On March 13 of this year, 17 year old Yuuko Sato and 13 year old Mina Sato left the only home they'd ever known on an organic farm in Fukushima prefecture. They now live more than two hours by train to the north, in Yamagata. Their mother, Sachiko, explained the move via translator as fulfilling "the minimum duty of a parent" to protect her children. The danger they fled: radiation from the meltdown of three nearby nuclear reactors on March 11.

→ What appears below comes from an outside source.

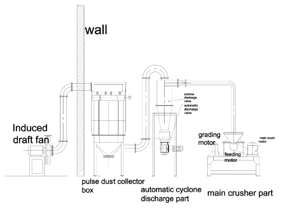 Material enters the mill chamber via screw conveyor where it is sheared and milled by fast-rotating blades. The powder passes the guide ring and enters the classifier chamber. As the classification wheel is in rotation, both air force and centrifugal force act on the powder. As the particles whose diameters are greater than the critical diameter (diameter of the classification particles) have a greater mass, they are thrown back into the mill chamber to be ground again, while the particles whose diameters are smaller than the critical diameter enter cyclone separator and dust-collecting box.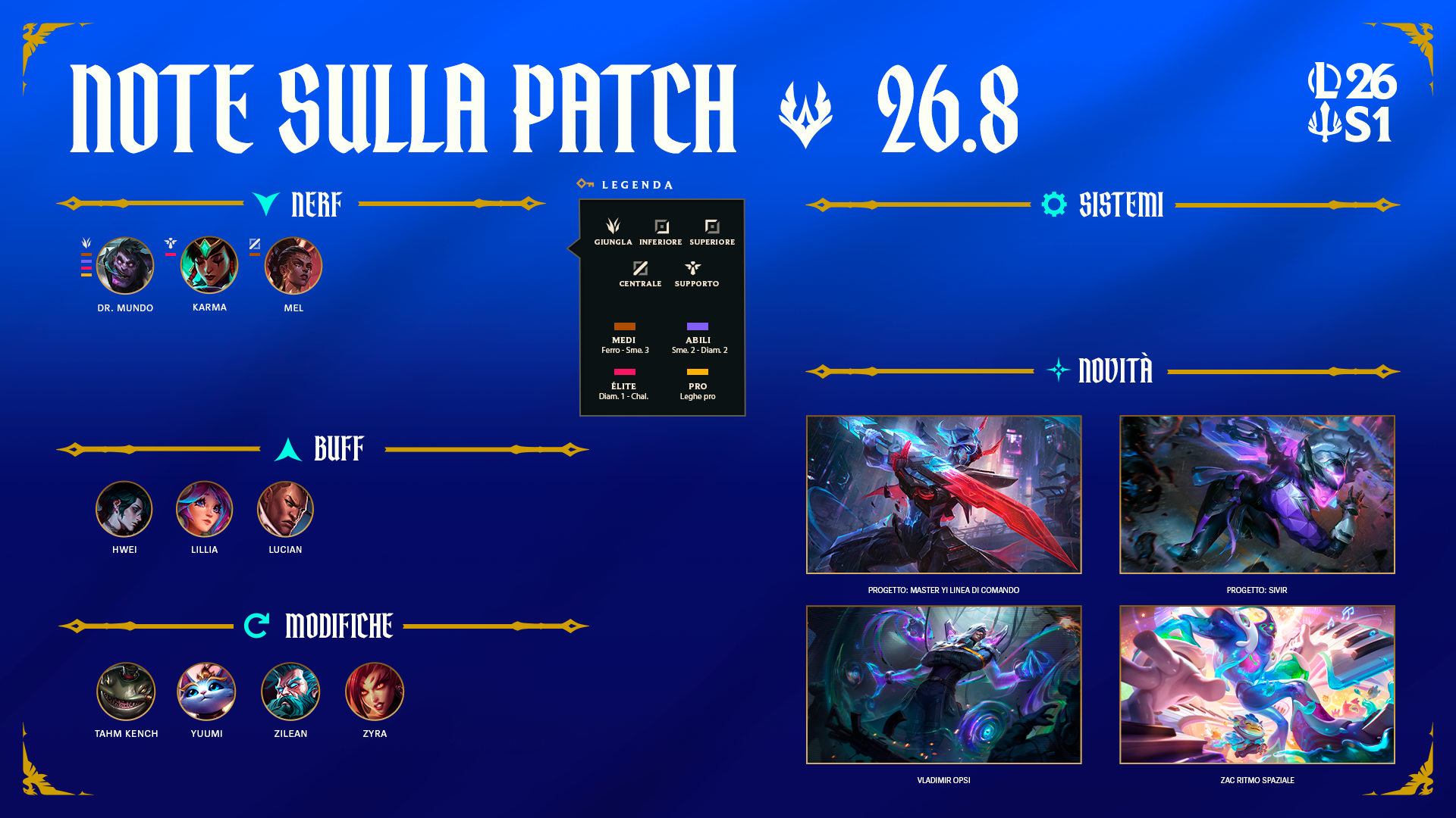 In questa patch della settimana abbiamo apportato alcune modifiche ai campioni più forti del momento come Mel e Dr. Mundo, mentre diamo una mano anche a chi sta faticando, come Lucian e Hwei. Abbiamo anche apportato alcune modifiche per aiutare a evitare che i giocatori scelgano abilità inutilizzabili al livello 1 come Zyra e Zilean.

But not every child escaped. Some 300,000 children remain in radioactive zones in Fukushima, according to Sachiko Sato. She and her children were in New York City to protest a United Nations event on the safety of nuclear power. Some Fukushima children—and their parents—were actually evacuated from towns with relatively low radiation levels to places with higher levels. That error was due to incomplete information on radiation hotspots from all levels of Japanese government in the wake of the meltdowns at Fukushima Daiichi nuclear power plant.
Sachiko Sato says "the scenery in Fukushima is as beautiful as last year but all over us is radiation." She adds, "can you understand the pain of farmers who have to abandon the land they have cared for?"
That abandonment is not complete. Mortgages and property taxes still have to be paid on that land, with little help from the government. And so Ms. Sato has stayed behind in Fukushima to meet such financial obligations. Many families have similarly been torn apart in the continuing aftermath of the earthquake, tsunami and meltdowns. The triple disaster has also split apart once closeknit communities—some who stay consider those who leave to be traitors.
Ms. Sato calls the two million residents of the area "guinea pigs.” The government has simply raised what are considered safe radiation levels for contamination in food and water. The new levels are much higher than those in effect in the U.S. or even near Chernobyl. And in April, the government raised the so-called safe level of radiation exposure for children from 1 milliSievert per year to 20 milliSeiverts per year. Ms. Sato asks quote "were they saying that people's ability to withstand radiation exposure had increased miraculously?" She adds "low level radiation exposure will continue--and we will see the results."